A word-for-word copy of the line containing "ゆったり 重ね着でおしゃれ ノースリーブワンピース" and every following line to the end of the data below is all the answer should hold.

• Records:

::::::::

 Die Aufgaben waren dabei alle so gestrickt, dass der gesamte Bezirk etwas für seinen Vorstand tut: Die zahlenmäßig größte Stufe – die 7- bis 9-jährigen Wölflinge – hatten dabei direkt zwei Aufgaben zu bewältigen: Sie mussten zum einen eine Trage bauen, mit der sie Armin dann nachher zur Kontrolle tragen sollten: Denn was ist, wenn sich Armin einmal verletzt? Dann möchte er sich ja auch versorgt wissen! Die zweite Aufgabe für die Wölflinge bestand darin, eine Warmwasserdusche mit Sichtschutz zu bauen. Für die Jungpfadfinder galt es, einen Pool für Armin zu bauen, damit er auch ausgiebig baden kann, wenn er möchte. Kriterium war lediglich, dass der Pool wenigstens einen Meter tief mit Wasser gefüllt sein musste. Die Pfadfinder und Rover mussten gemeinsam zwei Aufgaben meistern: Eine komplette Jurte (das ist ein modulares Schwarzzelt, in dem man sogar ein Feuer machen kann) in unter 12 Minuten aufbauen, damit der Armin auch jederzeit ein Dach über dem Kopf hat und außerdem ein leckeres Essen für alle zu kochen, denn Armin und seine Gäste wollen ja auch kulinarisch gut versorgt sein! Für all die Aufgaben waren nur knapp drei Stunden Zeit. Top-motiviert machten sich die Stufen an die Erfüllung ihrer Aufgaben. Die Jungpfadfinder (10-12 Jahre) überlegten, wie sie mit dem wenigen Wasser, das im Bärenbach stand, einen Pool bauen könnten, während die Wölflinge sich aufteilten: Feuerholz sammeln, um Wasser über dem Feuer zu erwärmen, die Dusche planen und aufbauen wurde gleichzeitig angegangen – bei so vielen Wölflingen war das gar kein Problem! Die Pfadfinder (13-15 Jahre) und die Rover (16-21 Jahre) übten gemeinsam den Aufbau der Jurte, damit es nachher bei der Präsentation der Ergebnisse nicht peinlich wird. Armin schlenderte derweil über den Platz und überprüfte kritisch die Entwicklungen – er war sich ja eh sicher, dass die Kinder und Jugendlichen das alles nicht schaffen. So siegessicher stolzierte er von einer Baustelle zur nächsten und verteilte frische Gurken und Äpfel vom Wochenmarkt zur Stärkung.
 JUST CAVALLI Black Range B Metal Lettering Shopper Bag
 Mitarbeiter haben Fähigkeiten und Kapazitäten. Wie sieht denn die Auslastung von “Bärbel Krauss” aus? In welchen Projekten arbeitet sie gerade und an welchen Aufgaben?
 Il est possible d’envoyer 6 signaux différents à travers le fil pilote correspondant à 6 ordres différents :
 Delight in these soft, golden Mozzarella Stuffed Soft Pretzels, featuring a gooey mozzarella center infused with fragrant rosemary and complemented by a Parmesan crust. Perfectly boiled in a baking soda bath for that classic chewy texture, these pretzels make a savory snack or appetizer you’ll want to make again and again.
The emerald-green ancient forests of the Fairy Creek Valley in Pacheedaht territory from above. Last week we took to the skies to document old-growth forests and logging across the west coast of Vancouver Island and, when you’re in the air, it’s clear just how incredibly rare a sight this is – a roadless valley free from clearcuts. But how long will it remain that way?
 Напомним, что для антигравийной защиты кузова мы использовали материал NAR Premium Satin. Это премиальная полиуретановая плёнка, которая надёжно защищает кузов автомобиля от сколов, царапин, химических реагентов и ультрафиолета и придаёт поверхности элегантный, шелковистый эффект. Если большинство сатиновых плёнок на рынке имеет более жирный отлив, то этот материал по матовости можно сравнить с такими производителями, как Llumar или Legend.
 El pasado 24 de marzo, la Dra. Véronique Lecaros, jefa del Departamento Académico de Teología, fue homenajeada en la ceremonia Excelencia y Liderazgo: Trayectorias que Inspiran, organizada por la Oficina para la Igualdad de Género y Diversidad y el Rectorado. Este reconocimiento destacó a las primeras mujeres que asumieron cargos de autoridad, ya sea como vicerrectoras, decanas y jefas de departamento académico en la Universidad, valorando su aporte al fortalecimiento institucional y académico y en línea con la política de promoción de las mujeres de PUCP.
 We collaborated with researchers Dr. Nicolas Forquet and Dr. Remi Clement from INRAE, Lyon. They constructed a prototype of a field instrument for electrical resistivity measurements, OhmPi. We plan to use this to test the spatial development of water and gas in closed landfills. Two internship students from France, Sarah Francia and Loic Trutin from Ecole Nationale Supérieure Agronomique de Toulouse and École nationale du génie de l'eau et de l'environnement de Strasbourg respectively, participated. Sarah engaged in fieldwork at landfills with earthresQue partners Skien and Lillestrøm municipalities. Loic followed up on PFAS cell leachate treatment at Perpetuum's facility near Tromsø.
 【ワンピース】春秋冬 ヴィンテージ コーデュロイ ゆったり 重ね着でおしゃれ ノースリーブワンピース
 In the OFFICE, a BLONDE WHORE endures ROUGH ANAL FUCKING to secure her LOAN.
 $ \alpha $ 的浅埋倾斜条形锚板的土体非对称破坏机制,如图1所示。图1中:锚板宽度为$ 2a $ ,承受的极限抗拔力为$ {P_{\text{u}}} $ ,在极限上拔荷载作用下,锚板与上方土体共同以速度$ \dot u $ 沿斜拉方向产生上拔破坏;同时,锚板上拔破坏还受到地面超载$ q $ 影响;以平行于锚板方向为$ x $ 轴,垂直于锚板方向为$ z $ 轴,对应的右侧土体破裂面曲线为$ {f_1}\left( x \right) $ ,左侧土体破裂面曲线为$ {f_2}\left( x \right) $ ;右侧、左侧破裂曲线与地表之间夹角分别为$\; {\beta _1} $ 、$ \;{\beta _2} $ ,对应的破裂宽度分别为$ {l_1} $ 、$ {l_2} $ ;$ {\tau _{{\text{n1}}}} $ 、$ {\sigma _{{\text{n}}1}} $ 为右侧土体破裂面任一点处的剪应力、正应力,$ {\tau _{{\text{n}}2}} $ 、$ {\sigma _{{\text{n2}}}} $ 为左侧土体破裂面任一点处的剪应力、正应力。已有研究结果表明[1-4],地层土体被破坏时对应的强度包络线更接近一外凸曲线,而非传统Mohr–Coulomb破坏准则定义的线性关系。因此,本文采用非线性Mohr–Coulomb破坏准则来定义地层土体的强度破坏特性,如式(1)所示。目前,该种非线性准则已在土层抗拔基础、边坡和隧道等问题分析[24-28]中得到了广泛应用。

::::::::

• Final answer:
 【ワンピース】春秋冬 ヴィンテージ コーデュロイ ゆったり 重ね着でおしゃれ ノースリーブワンピース
 In the OFFICE, a BLONDE WHORE endures ROUGH ANAL FUCKING to secure her LOAN.
 $ \alpha $ 的浅埋倾斜条形锚板的土体非对称破坏机制,如图1所示。图1中:锚板宽度为$ 2a $ ,承受的极限抗拔力为$ {P_{\text{u}}} $ ,在极限上拔荷载作用下,锚板与上方土体共同以速度$ \dot u $ 沿斜拉方向产生上拔破坏;同时,锚板上拔破坏还受到地面超载$ q $ 影响;以平行于锚板方向为$ x $ 轴,垂直于锚板方向为$ z $ 轴,对应的右侧土体破裂面曲线为$ {f_1}\left( x \right) $ ,左侧土体破裂面曲线为$ {f_2}\left( x \right) $ ;右侧、左侧破裂曲线与地表之间夹角分别为$\; {\beta _1} $ 、$ \;{\beta _2} $ ,对应的破裂宽度分别为$ {l_1} $ 、$ {l_2} $ ;$ {\tau _{{\text{n1}}}} $ 、$ {\sigma _{{\text{n}}1}} $ 为右侧土体破裂面任一点处的剪应力、正应力,$ {\tau _{{\text{n}}2}} $ 、$ {\sigma _{{\text{n2}}}} $ 为左侧土体破裂面任一点处的剪应力、正应力。已有研究结果表明[1-4],地层土体被破坏时对应的强度包络线更接近一外凸曲线,而非传统Mohr–Coulomb破坏准则定义的线性关系。因此,本文采用非线性Mohr–Coulomb破坏准则来定义地层土体的强度破坏特性,如式(1)所示。目前,该种非线性准则已在土层抗拔基础、边坡和隧道等问题分析[24-28]中得到了广泛应用。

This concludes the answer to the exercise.